石壁はグルっと円を描くように街を囲っているようだ。
俺達は門番に挨拶しながら街に入った。
そしてその瞬間、華やかな喧騒が飛び込んできた。
すぐ正面には巨大な噴水がありその周りでは大道芸人らしき人が様々な芸を披露していた。
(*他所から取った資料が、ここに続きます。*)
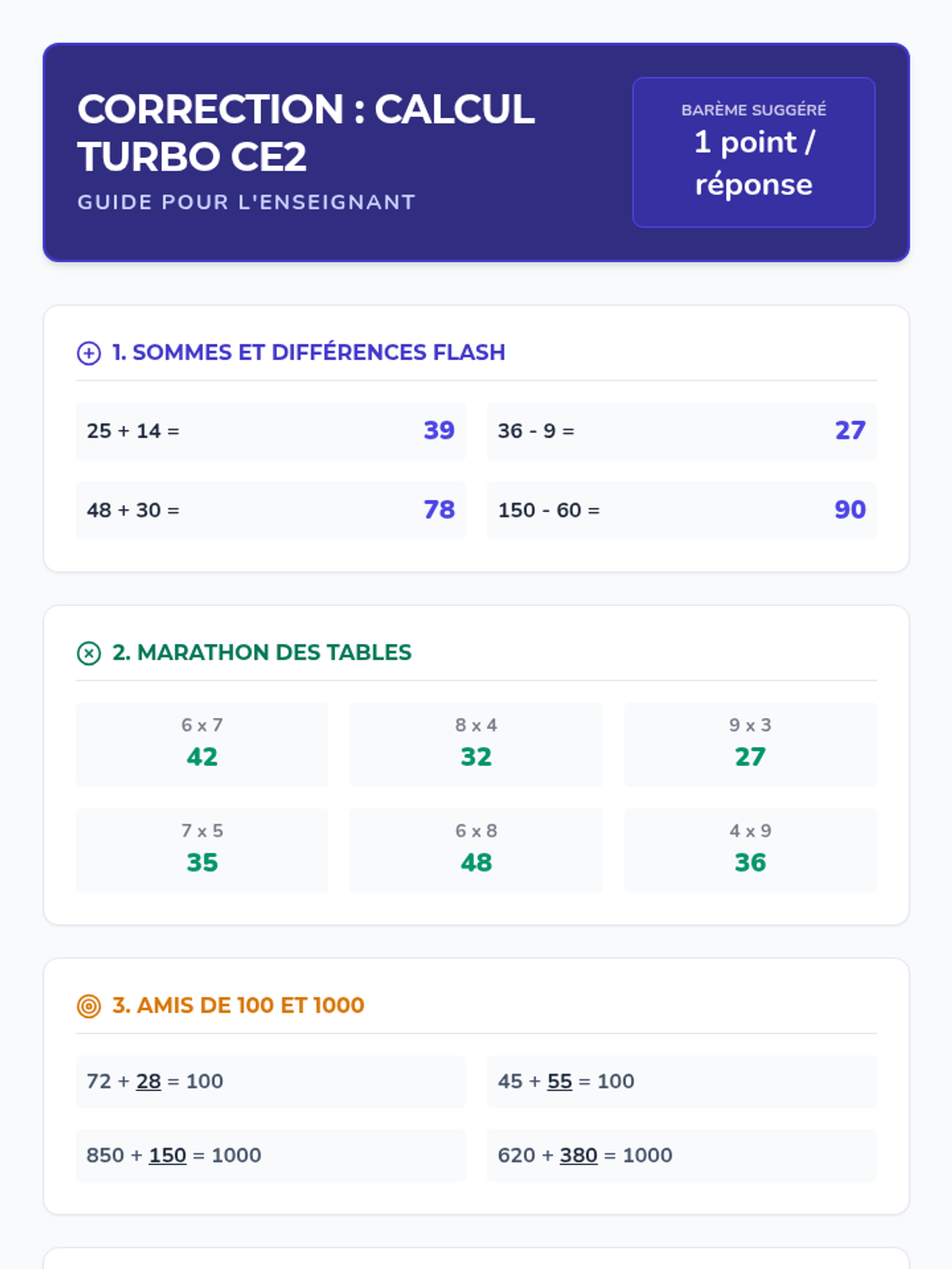 Le corrigé détaillé pour l'enseignant de l'évaluation Calcul Turbo CE2. Comprend les réponses attendues et une suggestion de barème pour une correction rapide et efficace. Comprend également des classes de rupture de page pour une impression optimale.
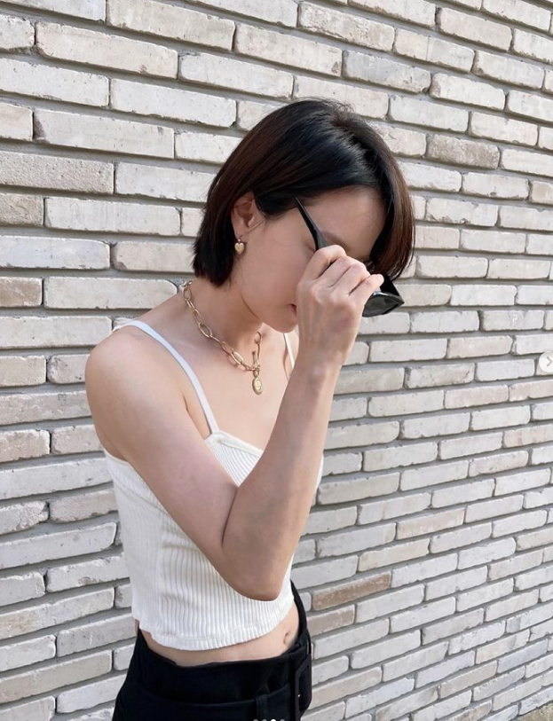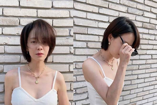 송지효는 숏컷 헤어에 골드 악세사리, 선글라스를 더해 시크한 분위기를 자아냈습니다
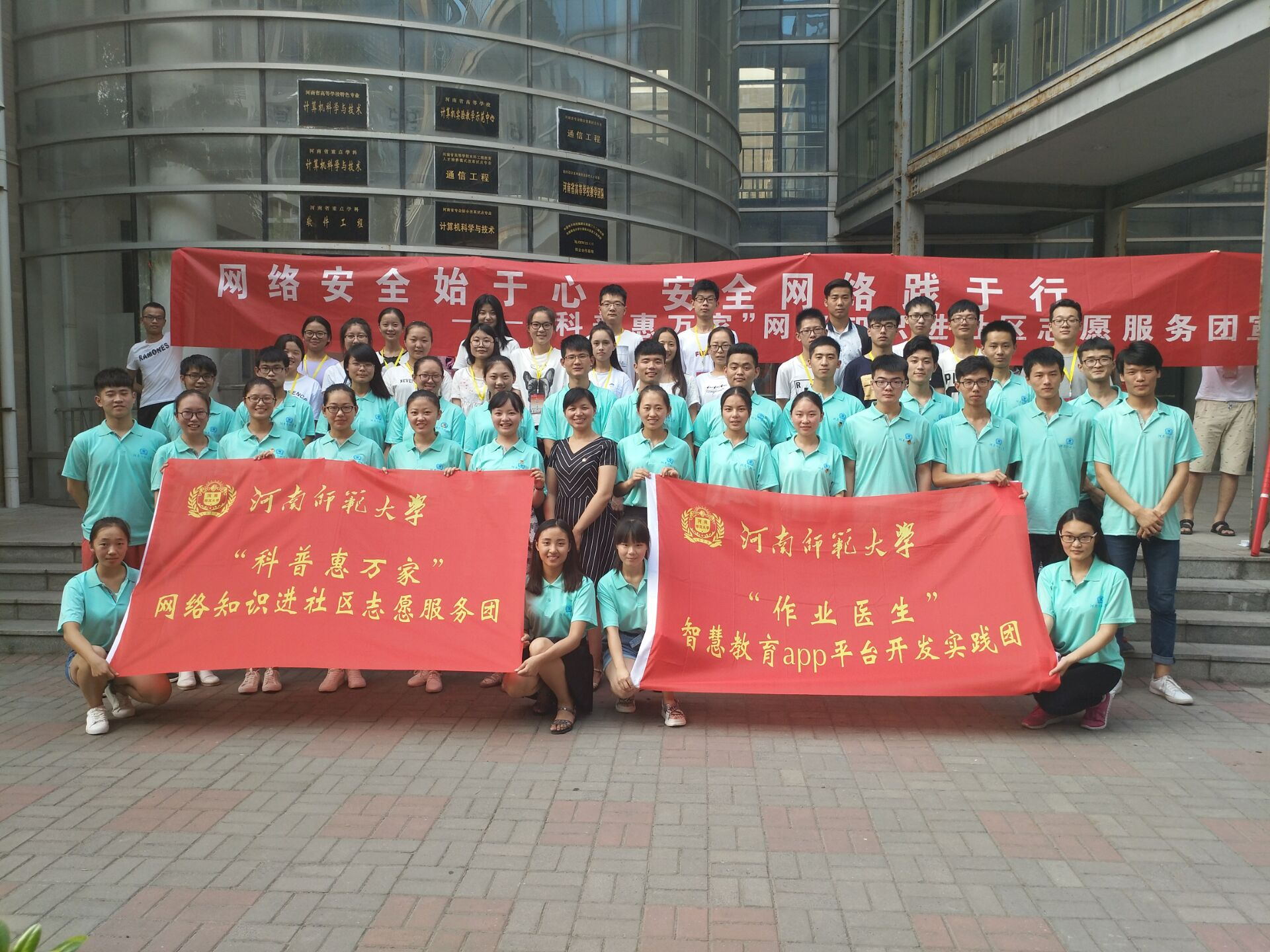 为积极响应共青团中央、团省委、校团委号召,鼓励学生以奋进的青春姿态、建功的实际行动、丰硕的实践成果喜迎党的十九大胜利召开,7月3日下午,计算机与信息工程学院、软件学院在217报告厅举办了2017年大学生暑期“三下乡”社会实践活动出征仪式。本年度,我院获批“科普惠万家”网络知识进社区志愿服务团和“作业医生”智慧教育app平台开发实践团两支校级团队,组建“科普惠万家”网络知识进社区志愿服务返乡实践队院级团队,共有队员55人。院团委副书记赵娜及实践团队全体成员参加了出征仪式。
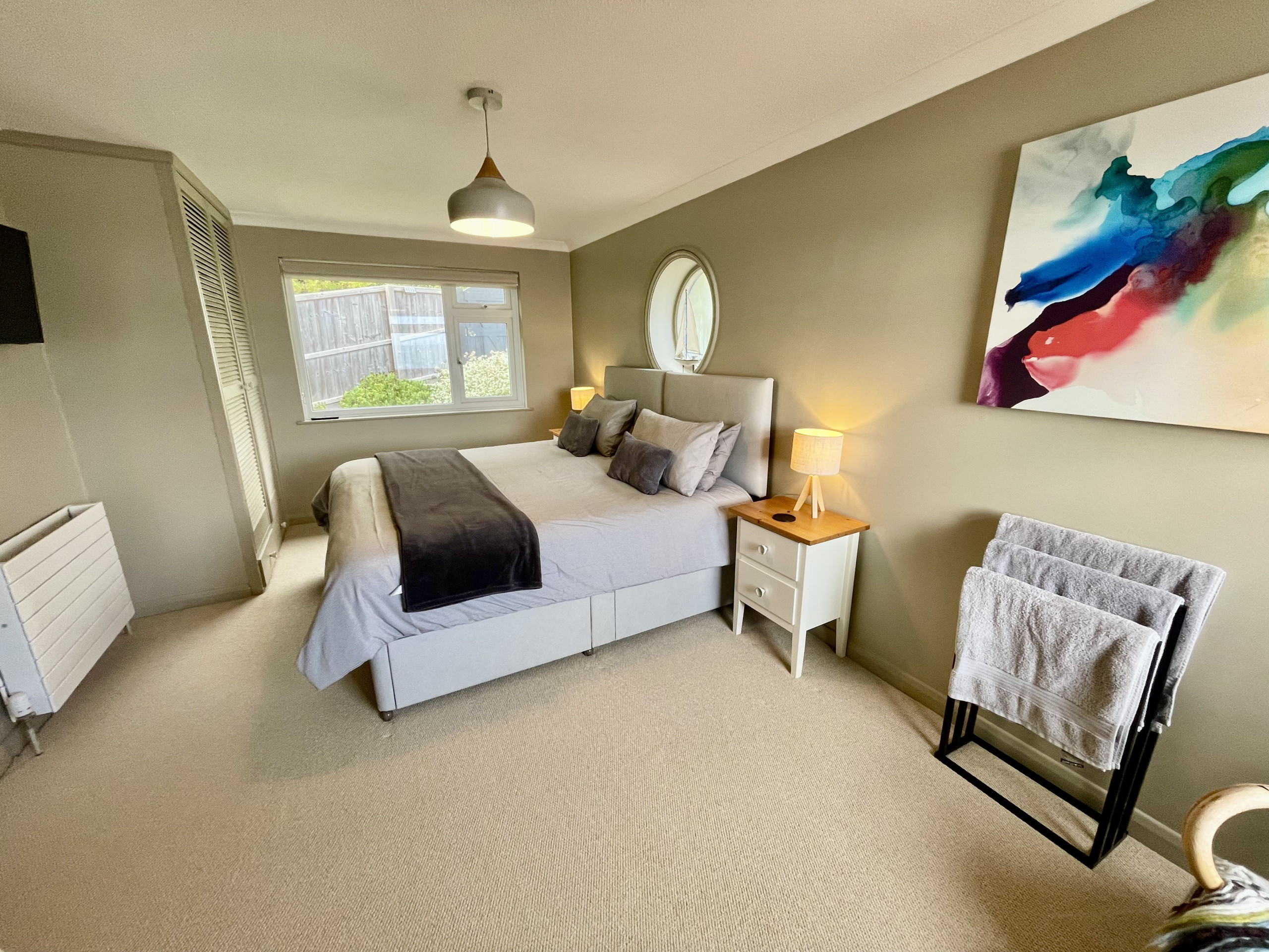 Master bedroom: King-size bed, wardrobes, dressing table, Smart TV (apps only, no aerial) and stunning sea views
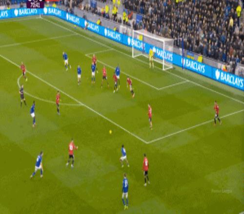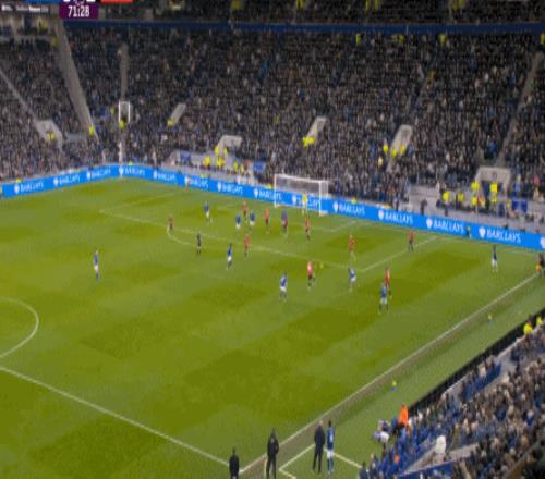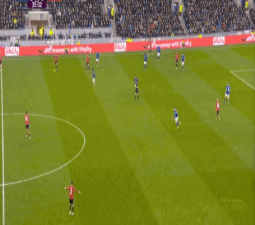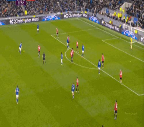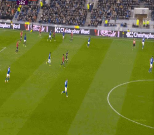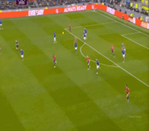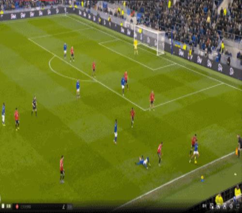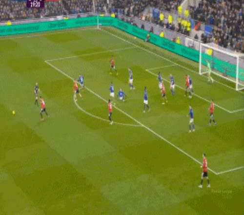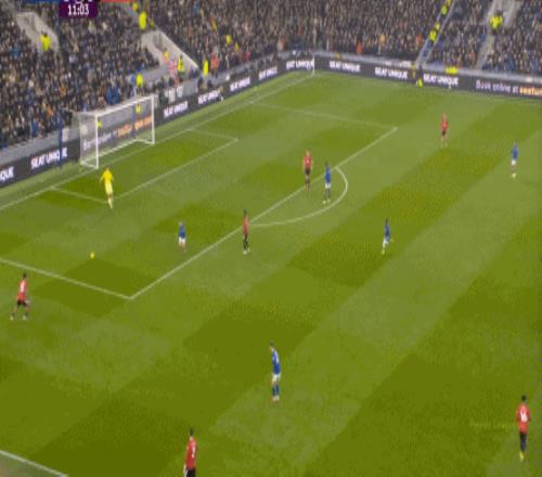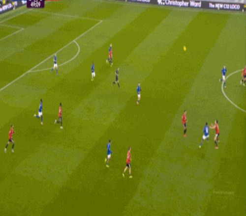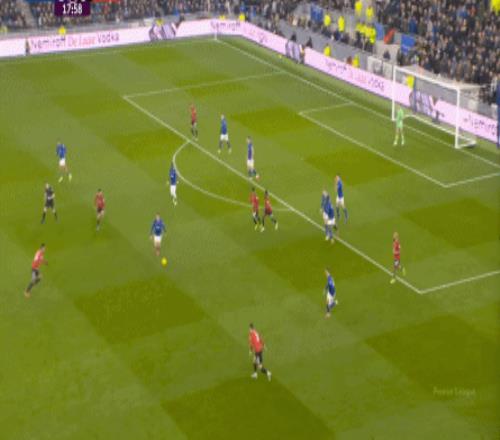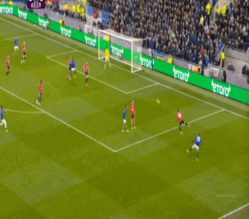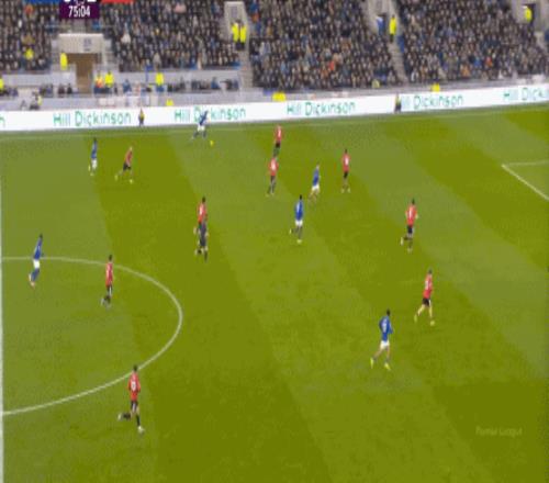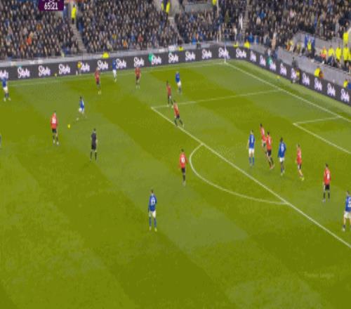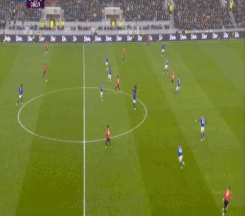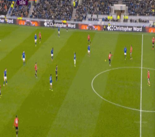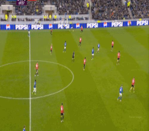 因為,從55到70分鐘,埃弗頓幾乎將曼聯壓在了半場范圍內,他們用相當長線條的方式來發展自己的進攻:

水や炎を空中で様々な形に変えたり、トランプが空中を踊ったりと元の世界では見たことのないものばかりだ。
これが魔法か!
その光景に目を丸くしているとリーラが嬉しそうに笑った。
「へへー、すごいでしょ?」
リーラが得意気に言う。
「ああ。見たことないのばっかだ! すげぇ!!」
そして、噴水の方へ駆け出した瞬間ーー
「助けてええええ!!!」
切羽詰まった声が上から振ってきた。
咄嗟に上を見上げると空中を無茶苦茶な軌道で動き回る茶髪の少女の姿があった。
「ありゃあ自分の魔力を制御できてねえな」
ルーカスさんが呟いた。
「とにかく落ち着かせなきゃならんが、あんなとこにいるんじゃ話もできねえ」
ルーカスさんが渋い顔をした。
「あ、ジリなら行けるんじゃない? ねぇ、どうかな?」
『では、私が行きましょう』
ジリがふわーっと空を飛び少女の元へと向かった。
『落ち着いてくださーー』
「板が喋った!!!??」
更に動揺した少女は真下に急降下し、そのまま地面に突っ込んだ。
『……私のせいですか?』
「いや…まあ一応降りて来たんだし結果オーライってことでいいんじゃない?」
丁度俺達の目の前に落ちた少女は目を回したまま動かない。
だが怪我などはなさそうだ。
『そうですか。所で慎太郎。私はやっぱり喋る板なんでしょうか…』
目の前の少女より重傷のやつがいた。
「お前ら! とりあえずこの子運ぶぞ。着いてこい」
ルーカスさんは少女をひょいと担ぎ上げると噴水奥の大通りへと歩いて行った。
俺とリーラ、ジリはそれに続いた。